I try to use flies from multiple cultures on hand when setting up new ones to try and boost the genetic mix. Never really sure how much a benefit this is, but figured it could not hurt.


----------



## erik s (Apr 12, 2010)

gary1218 said:


> NEVER for me.


Years for me!!!


----------



## MasterOogway (Mar 22, 2011)

mwallrath said:


> I try to use flies from multiple cultures on hand when setting up new ones to try and boost the genetic mix. Never really sure how much a benefit this is, but figured it could not hurt.


I do this too, but probably only every 3rd or 4th time I'm making cultures. Again, no evidence to support that it's actually a benefit, but who knows. Should see if there's a paper out there for it...


----------



## bsr8129 (Sep 23, 2010)

whenever i have a crash and have to get new ones, several years in-between.


----------



## FrogTim (Oct 1, 2015)

If you are getting small flies make sure you are starting new cultures with flies from your first production 'boom'.

Older cultures produce smaller flies and if you start new cultures with these you are more likely to get smaller flies.

Before getting new cultures you can try seeding new ones with flies from your quick producing cultures with normal sized flies.

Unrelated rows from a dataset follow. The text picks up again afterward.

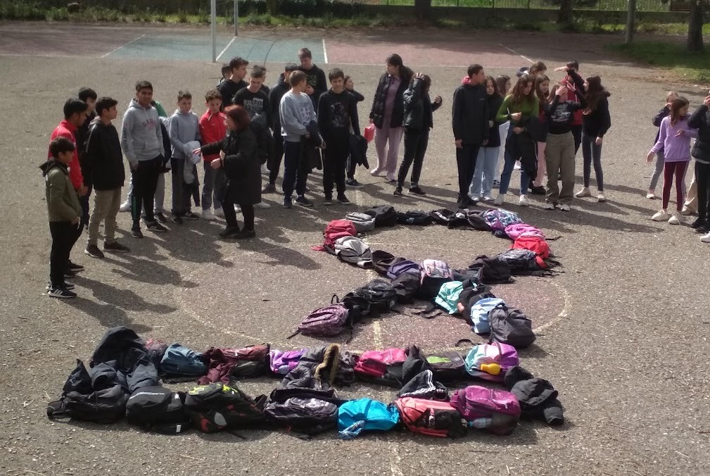 Με μια συμβολικού χαρακτήρα κίνηση, οι μαθητές και οι μαθήτριες του Γυμνασίου Καλυβίων τίμησαν σήμερα, με το σχηματισμό του πένθους με τις σχολικές τσάντες τους και τηρώντας ενός λεπτού σιγής, την μνήμη των άδικα χαμένων θυμάτων στην σιδηροδρομική τραγωδία των Τεμπών.
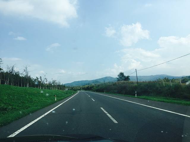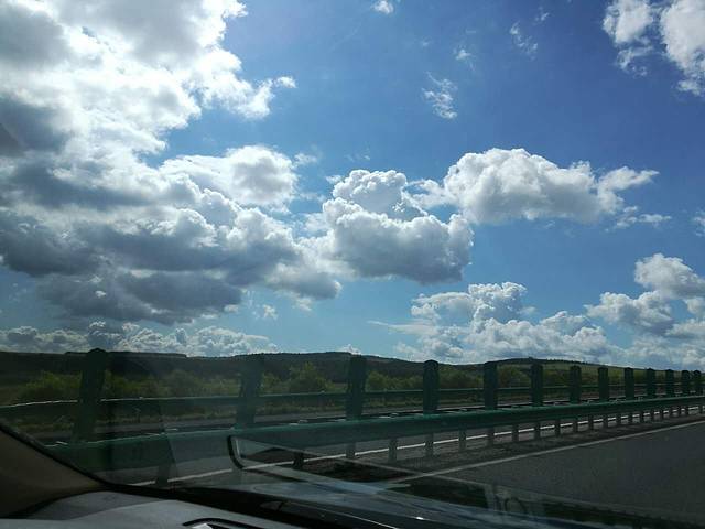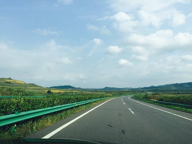 都是山地,蓝天白云,特别好看,有一种大西北的感觉。
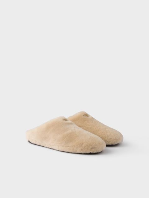 The design of these mules plays with soft volumes and winter textures that redefine the casual shoes with distinctive style. The shearling shoe is decorated with the iconic enameled metal triangle logo. - Product code: 1R130O_173_F0485_F_010 - Enameled metal triangle logo - Monoblock rubber sole, 10 mm, with hot-stamped logo - Imported MATERIALS Main material: Lambskin
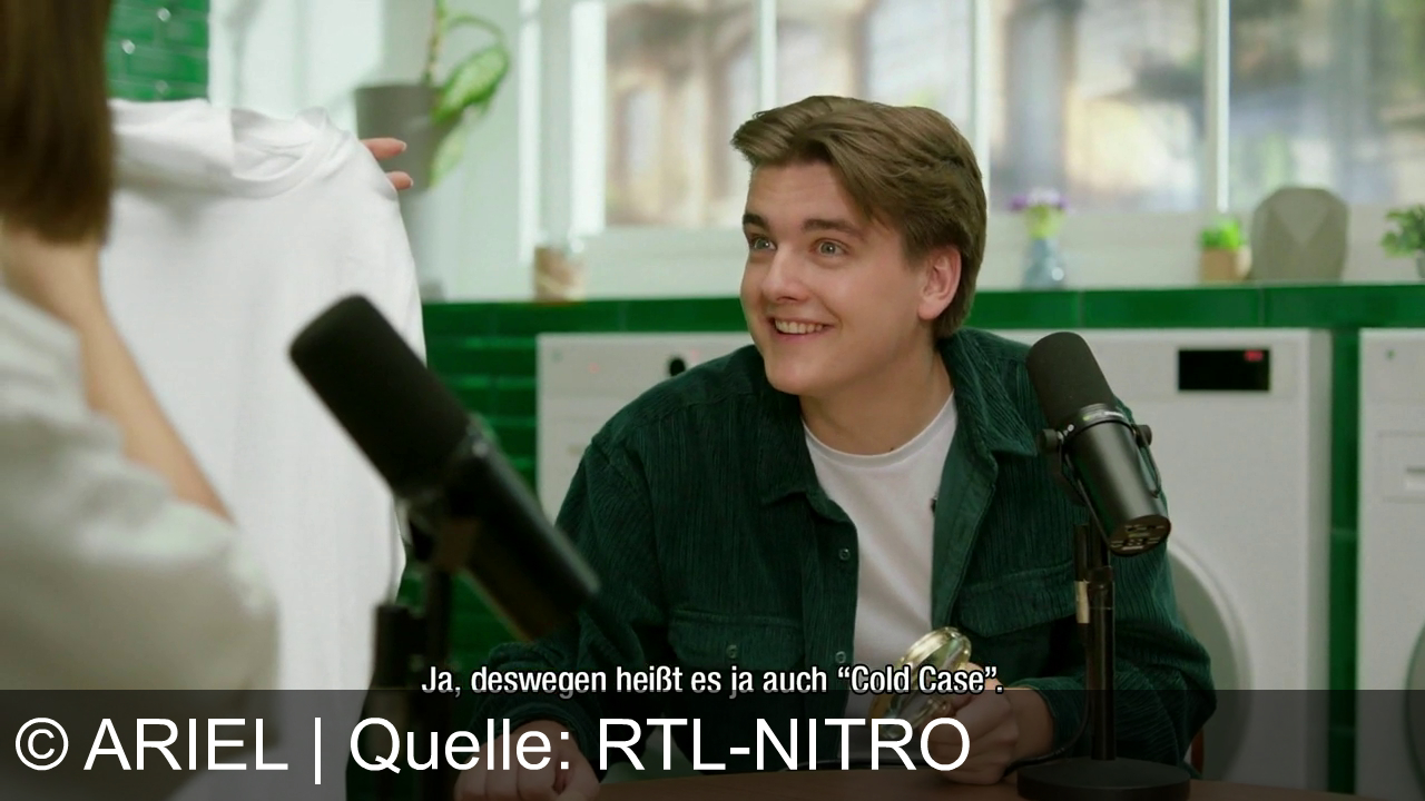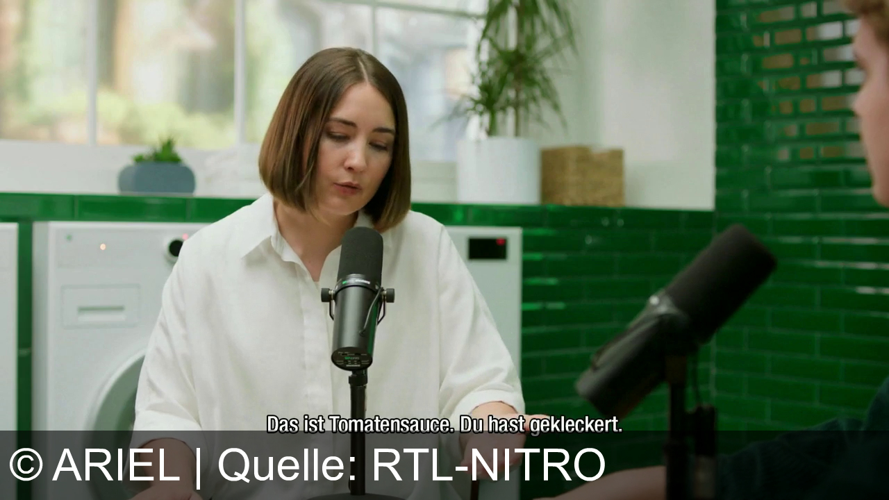 Werbung aus dem Jahr 2024 von Ariel in Österreich, mit dem von uns gewählten Titel: "Ariel All-in-1 Pods: Entfernen von Tomatenflecken bei 30 Grad - Humorvoll im Podcast-Setting!" mit der Kurzbeschreibung: "Ariel Pods mit Fleckenentferner bewältigen selbst eingetrocknete Tomatensaucenflecken bei 30 Grad. Der Spot betont die Effizienz bei niedrigen Temperaturen und spielt mit dem Begriff "Cold Case". Sicherheitshinweis: Außerhalb der Kinderreichweite lagern. Infos auf keepcapsfromkids.eu.". Diese Werbung thematisiert oder beinhaltet die Kategorien Waschmittel.
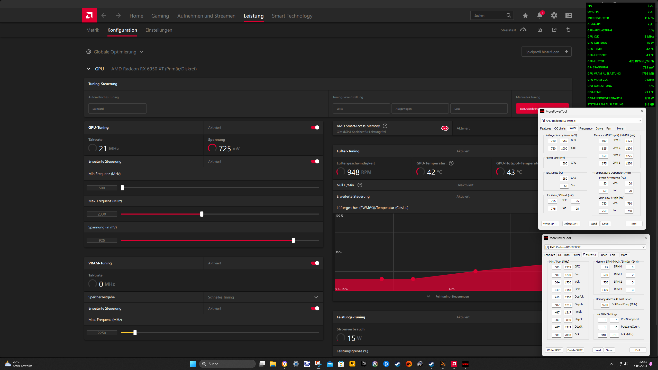 (was mir generell auffällt, ... mit wenig W+MHz muss ich die Volt im Treiber behutsamer einstellen, ...
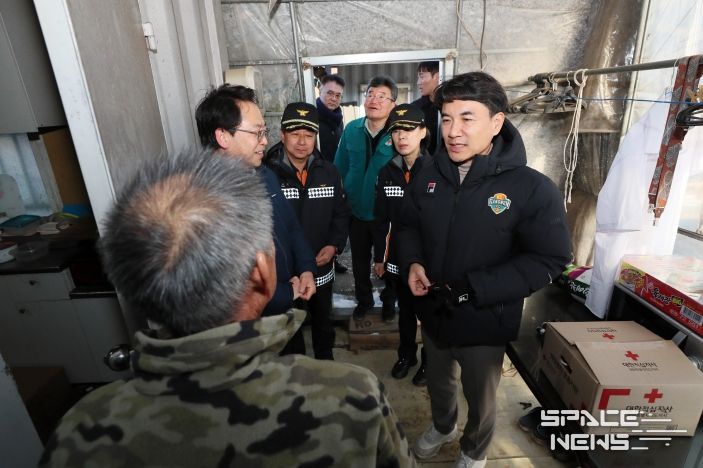 스페이스뉴스 스페이스뉴스 기자 | 김진태 강원특별자치도지사는 1월 13일 밤부터 도내 한파주의보가 발효될 전망에 따라 춘천시 신동면에 위치한 비주택 주거지를 방문해 주거환경 취약계층의 겨울철 안전대책을 점검했다.
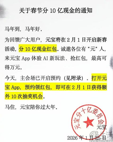 腾讯元宝方面告示将于2月1日上线春节行动,用户上元宝App即可分10亿元现款红包,单个红包金额可达万元。百度文心助手则示意,自1月26日至3月12日,用户在百度App使用文心助手就有契机分5亿现款红包,单个红包最高可达1万元。
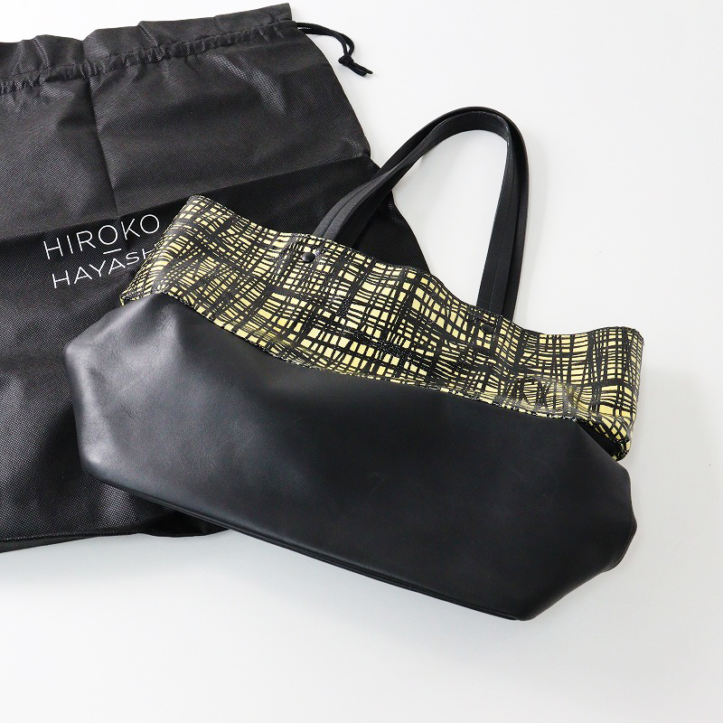 ヒロコハヤシ HIROKO HAYASHI 柄切替 レザートートバッグ

If you keep getting low production or smaller flies, it may be time for a new culture.


----------



## carola1155 (Sep 10, 2007)

FrogTim said:


> If you are getting small flies make sure you are starting new cultures with flies from your first production 'boom'.
> 
> Older cultures produce smaller flies and if you start new cultures with these you are more likely to get smaller flies.
> 
> Before getting new cultures you can try seeding new ones with flies from your quick producing cultures with normal sized flies. If you keep getting low production or smaller flies, it may be time for a new culture.


This needs to be dissected a bit. Size of the fly is generally correlated to available food for the larvae. So, while older cultures do generally produce smaller flies... it is because there is less food available. Using smaller flies to seed new cultures will not result in smaller flies from the initial boom of the new culture, they should be all normal sized (unless there is something else going on).

Also, you do not want to always start cultures from your first production boom. You want to vary the ages of the flies so as to not start artificially selecting for flies/larvae that boom fast and then are intolerant of conditions of older cultures.


----------



## Frogsarefun (Nov 25, 2015)

Thanks everyone.
Great information!
So glad to hear that many go for years.
I also think the cooler months have slowed my production a bit.


----------



## ZookeeperDoug (Jun 5, 2011)

carola1155 said:


> Also, you do not want to always start cultures from your first production boom. You want to vary the ages of the flies so as to not start artificially selecting for flies/larvae that boom fast and then are intolerant of conditions of older cultures.


Glad you mentioned this, I also vary my media usage as well. I use Repashy and Genesis exotics media, alternating one then the other each cycle to avoid selecting for flies that only thrive on one media type. Stricky anecdotally speaking, I've noticed better and more consistent results in terms of culture longevity, media usage, boom, etc. I'm not exactly conducting a scientific study though.


----------



## srrrio (May 12, 2007)

I don't remember getting any new melanogaster over the last 9 years or so. I've making new cultures from several cultures at different ages for most of that time. 

http://www.dendroboard.com/forum/food-feeding/131801-ed-right-fly-cultures-stuck.html


----------



## FrogTim (Oct 1, 2015)

carola1155 said:


> This needs to be dissected a bit. Size of the fly is generally correlated to available food for the larvae. So, while older cultures do generally produce smaller flies... it is because there is less food available. Using smaller flies to seed new cultures will not result in smaller flies from the initial boom of the new culture, they should be all normal sized (unless there is something else going on).
> 
> Also, you do not want to always start cultures from your first production boom. You want to vary the ages of the flies so as to not start artificially selecting for flies/larvae that boom fast and then are intolerant of conditions of older cultures.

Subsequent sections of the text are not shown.